Milady bentornata! maremma ragazzi, che noia senza di voi. pfff...ma io
vi ho chiamato col pensiero, cavolo...non mi avete sentito? mi sa che quel
libro lo butto: come chiamare a distanza in tre giorni. Sarà mica della
telekom. Boh.
Madame, vorrei dirvi delle cose. So che è una cosa difficile.
Vi sono degli angoli nascosti che sono luce per alcuni e buio per altri.
 E' giusto che sia così.
Oggi ho messo in fila i miei pensieri  e le vostre parole, e fiuu...che
caldo..eppoi in quanto al massaggio brasiliano, voi...voi...oh voi..vi farei
di più...però sono un professionista, e quel che è detto è detto. Massaggio
e niente sesso. emh..beh magari una toccatina...in realtà c'è un passaggio
molto pericoloso, ma..come si dice la sofferenza tempra lo spirito. E' una
speciale posizione per muovere i muscoli delle gambe. Siete stesa con il
volto per aria...
Gli antichi lo chiamavano "il soffio" perché il contatto è come un
soffio... la natura! sembra una cosa magica,
deve essere lento...lento...voi siete con gli occhi chiusi ...è benessere...

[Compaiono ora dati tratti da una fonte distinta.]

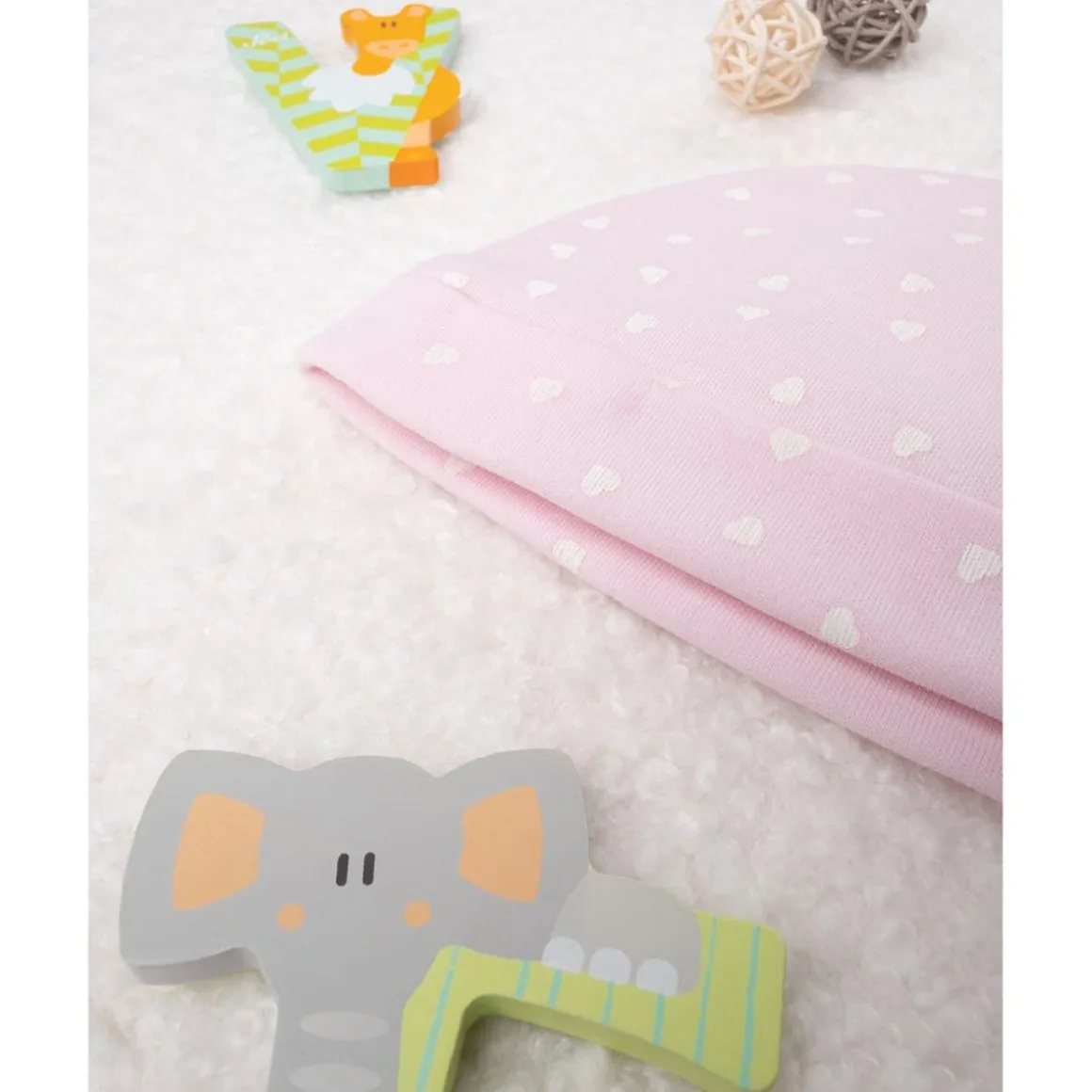 Sombrero tierno de niña en 100% algodón. La prenda se presenta en fondo rosa pastel con estampado allover “Cuori” en color blanco. La vestimenta es suave y envolvente, el sombrero es adecuado para ocasiones casuales/elegantes. Accesorios no a la venta. El paquete contiene solo la prenda de ropa.

Okay. Ora basta con la mie fatiche. E voi. Fate nulla? pff...sono un
massaggiatore professionista sapete? (beh...in verità è vero che ho fatto
dei corsi di shiatsu, è per questo. Sui massaggi brasiliani ho molta
teoria...emh...pratica zero. Pazienza. Però nel caso vi interessi ;O)
 
Sapete che mi siete mancate, maremmina sbuccicata...e ora posso almeno
baciarvi e strapazzarvi un pò?
Bacio.
A.
 
 
 
 
emh...no, scusate se sono tornato, ma..oh...la carne è debole..ma vince
sempre iuk iuk
No, pensavo: visto che siete tornata a me, potrei mica approfittare un
pò. Cioè, prometto che non sarò invadente,  poi...vi spiego :O)
Sapete? mi avete fatto venire una voglia matta questa mattina. Ho di nuovo
tutto in movimento. Oggi niente jeans. Abito grigio topo. Beh..non è male, ma insomma per un rivoluzionario non è il massimo. Solo che è leggero...e...
Ripensavo a voi..
Devo andare....ma non vorrei, mi piace guardarvi.

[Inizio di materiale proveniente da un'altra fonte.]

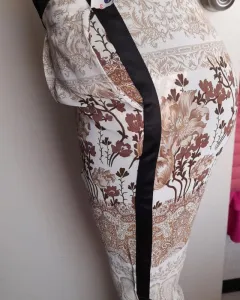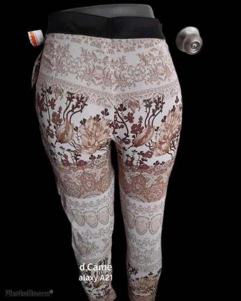 Pantalon de tela fresca, la tela es un poco transparente, talla S, el único detalle que tiene es que se rasgo un poco se ve en la última foto, nuevo con etiqueta!

Vi porto così, dentro gli occhi....
A.
 
Parigi, 25 giugno
 
...non ricordo quando ho cominciato a provare il gusto delle rime, credo sia
un ritorno all'infanzia, una specie di regressione. Solo che la ricerca
della rima è cosa complicata, almeno..quando è dotata di senso. Poi ci sono
le rime facili: sesso - spesso iuk iuk, oppure dolore - amore - cuore,
oppure duro - futuro..etc...insomma, il cervello di uno lasciato a piede
libero è un caos bestiale.
In una di quelle sere in cui avresti volentieri fatto a meno delle parole,
anzi...a pensarci più uno scrive più vuol dire che non ha altro da fare :O),
mi sono messo a studiare i numeri, i significati rituali, magici, o
matematici, religiosi, oppure semplicemente del linguaggio comune...e
così..e così..niente eccomi qui: Filastrocca dei numeri...per voi Madame,
con la mia voce  Ciack......
 
 
 
Londra, 25 giugno
 
Non so perché queste parole trovate per caso, mi hanno portato a voi,
al pensiero di voi, al vostro volto, alle vostre mani, alla vostra presenza costante..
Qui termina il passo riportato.